* **Problem requirements**
Your reply must hold the lines from the one containing "Χειροποίητο ξύλινο κηροπήγιο" to the end of the entries, copied exactly, with pictures excluded.

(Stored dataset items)
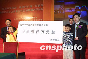 湖南沐林現(xiàn)代食品有限公司董事會(huì)主席伍躍時(shí)30日在北京人民大會(huì)堂通過(guò)中國(guó)光彩事業(yè)促進(jìn)會(huì)、中國(guó)少年先鋒隊(duì)全國(guó)工作委員會(huì)等單位,向中小學(xué)生捐贈(zèng)價(jià)值1000萬(wàn)元人民幣的沐林谷物營(yíng)養(yǎng)早餐,拉開“健康從早做起,健康奔小康”活動(dòng)序幕。作者:趙振清
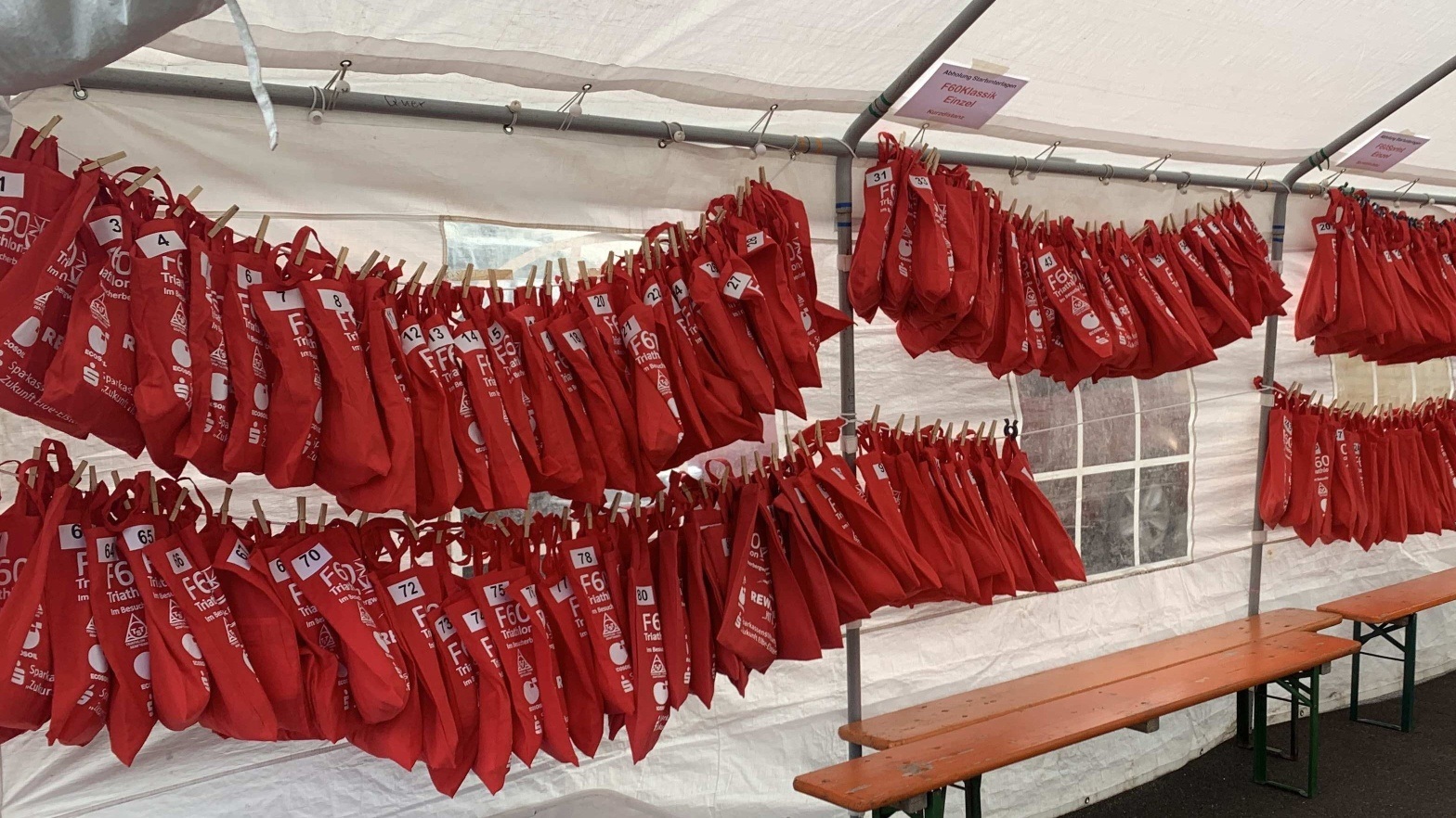 In der Startunterlagenausgabe erhaltet ihr den Starterbeutel mit einem Transponder, einer Teilnehmerinfo, einer Badekappe (muss getragen werden!), eurer Startnummer und Startnummern-Aufkleber für Helm und Rad. Die Nutzung eines eigenen Transponders oder Chips ist nicht möglich.
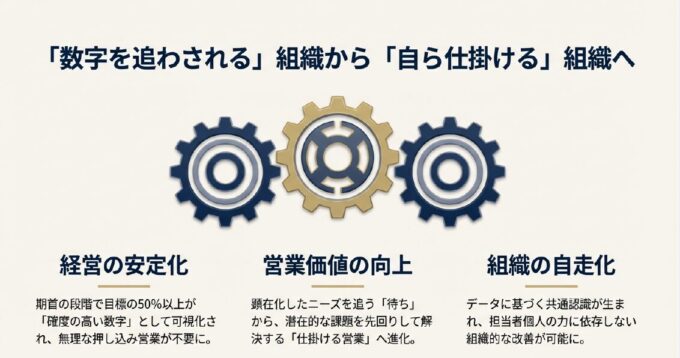 • 経営の安定化: 期首の段階で目標の50%以上が「確度の高い数字」として可視化され、無理な押し込み営業が不要になります。
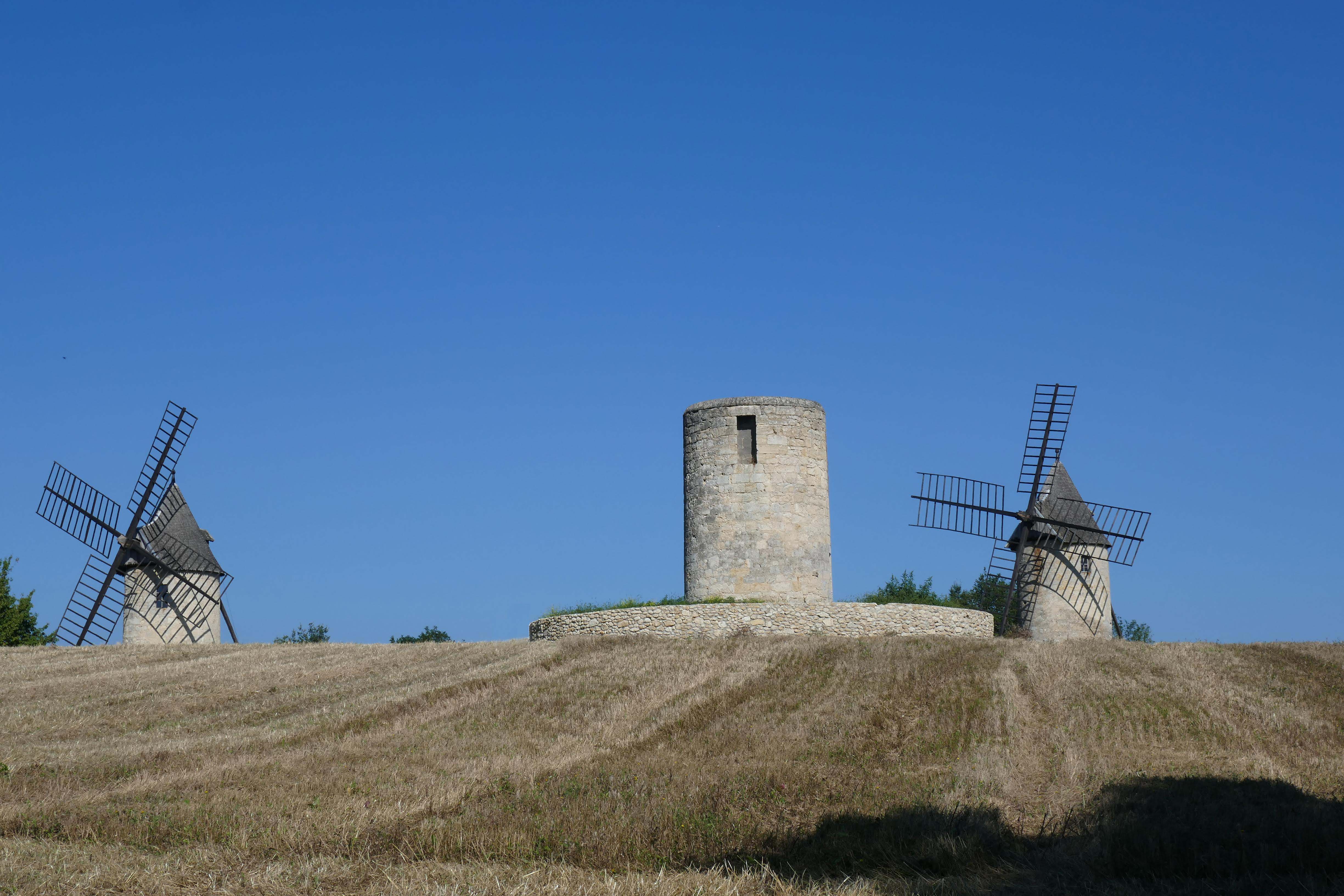 Windmills and a pigonnier in Gascony
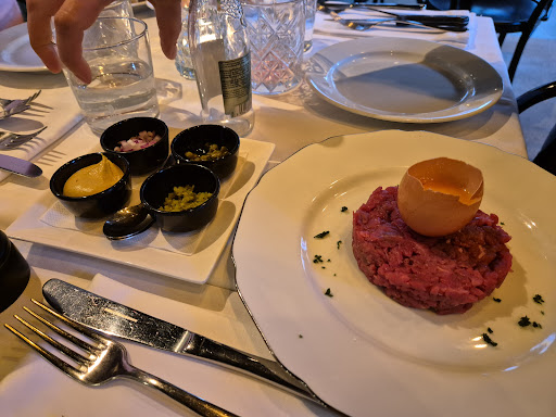 The menu had enough bistro classics to satisfy this Frenchy, and the cooking was en pointe. We ate steak tartare and saumon fumé for starters, both of which were subtle, perfectly textured and good portions. For mains we had moules-frites from the regular menu and rack of lamb from that day's specials. Both were exceptional. The cooking on the lamb was some of the best I have had in years, absolutely perfectly pink, as ordered, and super tender. It was a really thoughtful plate of food with lovely trimmings, higher in flavour-complexity and skillful craft than suggested in the price tag.
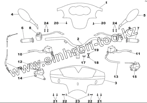 Каталог запасных частей к технике: ЗиД Мотороллер LF-125T-9L. Переключатели и руль
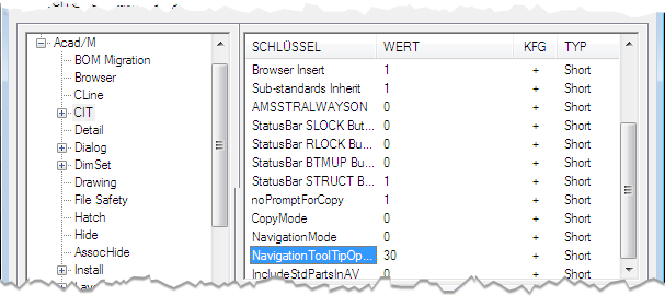 Im System-Editor im Zweig Acad/M > CIT steuert der Schlüssel NavigationToolTipOpacity die Transparenz der QuickInfo. In diesem Schlüssel wird der Prozentsatz der Transparenz angegeben. 100 bedeutet, dass die QuickInfo undurchsichtig ist, während bei 0 die QuickInfo unsichtbar ist.
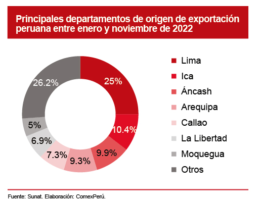 Al analizar los principales departamentos de origen de nuestras exportaciones, Lima tiene el mayor valor exportado, con un total de US$ 14,353 millones entre los meses de enero y noviembre de 2022. Dicho monto es un 24.4% más que lo registrado en el mismo periodo de 2021. Le siguen los departamentos de Ica (US$ 5,990 millones; -0.1%), Áncash (US$ 5,673 millones; -4%), Arequipa (US$ 5,309 millones; +9.7%), Callao (US$ 4,205 millones, +12.6%) y La Libertad (US$ 3,967 millones, 13.2%).
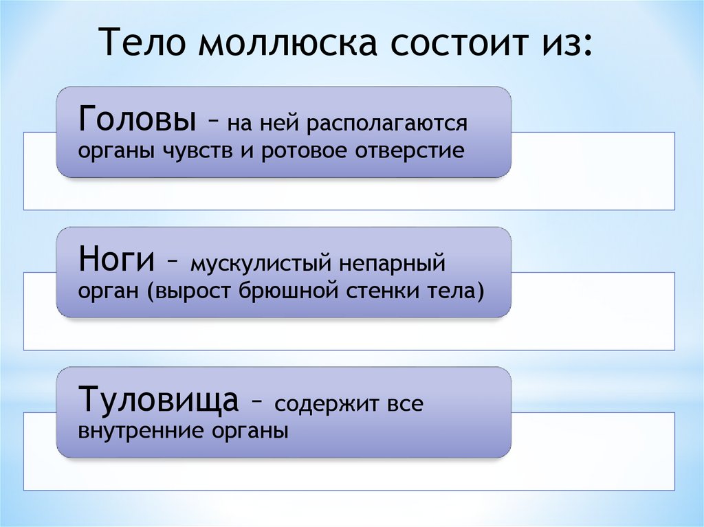Тело моллюска состоит из:Головы – на ней располагаются
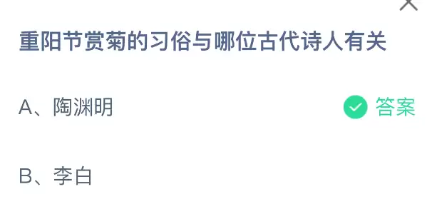 重阳节赏菊的习俗与哪位古代诗人有关?支付宝小鸡课堂开课啦!每天花一分钟答题赚饲料,喂喂小鸡就能贡献爱心啦!轻松又意义十足!2025年10月29日蚂蚁庄园的小鸡课堂题目正确答案是【陶
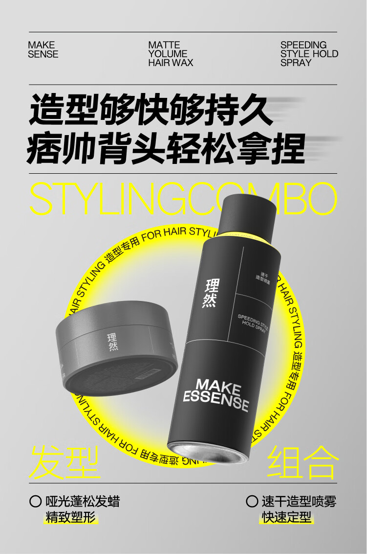 理然发胶定型喷雾发蜡速干定型持久塑型哑光自然造型套装250ml+80g
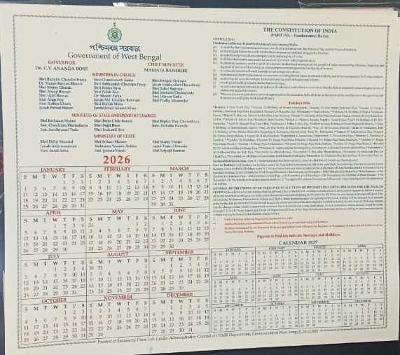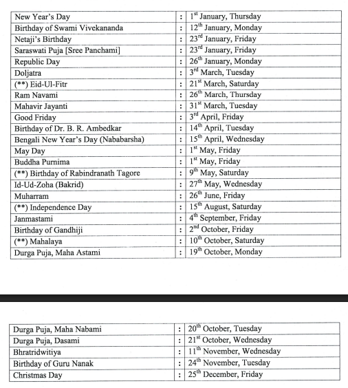 2. The Governor is also pleased to notify that the offices under the Government of West Bengal with the exception of the offices of the Registrar of Assurances, Kolkata and Collector of the Stamp Revenue, Kolkata shall be closed on the days as specified at List-II below which are not declared to be public holidays, during the year 2026.
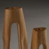 Χειροποίητο ξύλινο κηροπήγιο με συμπαγή φόρμα. Το σώμα ακολουθεί φυσική καμπή, με έντονα νερά στο ξύλο, ενώ το σκούρο στοιχείο στο πλάι και στο επάνω μέρος δίνει αντίθεση και σταθερότητα στη σύνθεση.
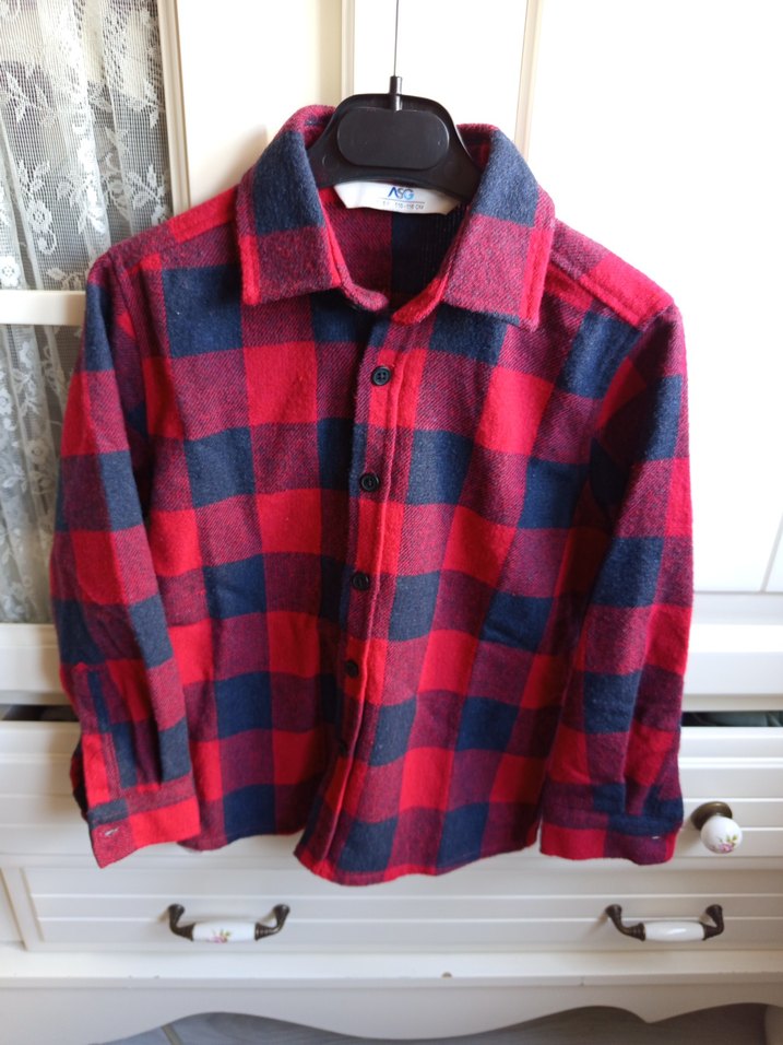 5-6 yaş oduncu gömlek,yeni gibidir çocuk gömlek giymeyi sevmediği için neredeyse hiç kullanılmamıştır.

* **Solution for this task**
 Χειροποίητο ξύλινο κηροπήγιο με συμπαγή φόρμα. Το σώμα ακολουθεί φυσική καμπή, με έντονα νερά στο ξύλο, ενώ το σκούρο στοιχείο στο πλάι και στο επάνω μέρος δίνει αντίθεση και σταθερότητα στη σύνθεση.
 5-6 yaş oduncu gömlek,yeni gibidir çocuk gömlek giymeyi sevmediği için neredeyse hiç kullanılmamıştır.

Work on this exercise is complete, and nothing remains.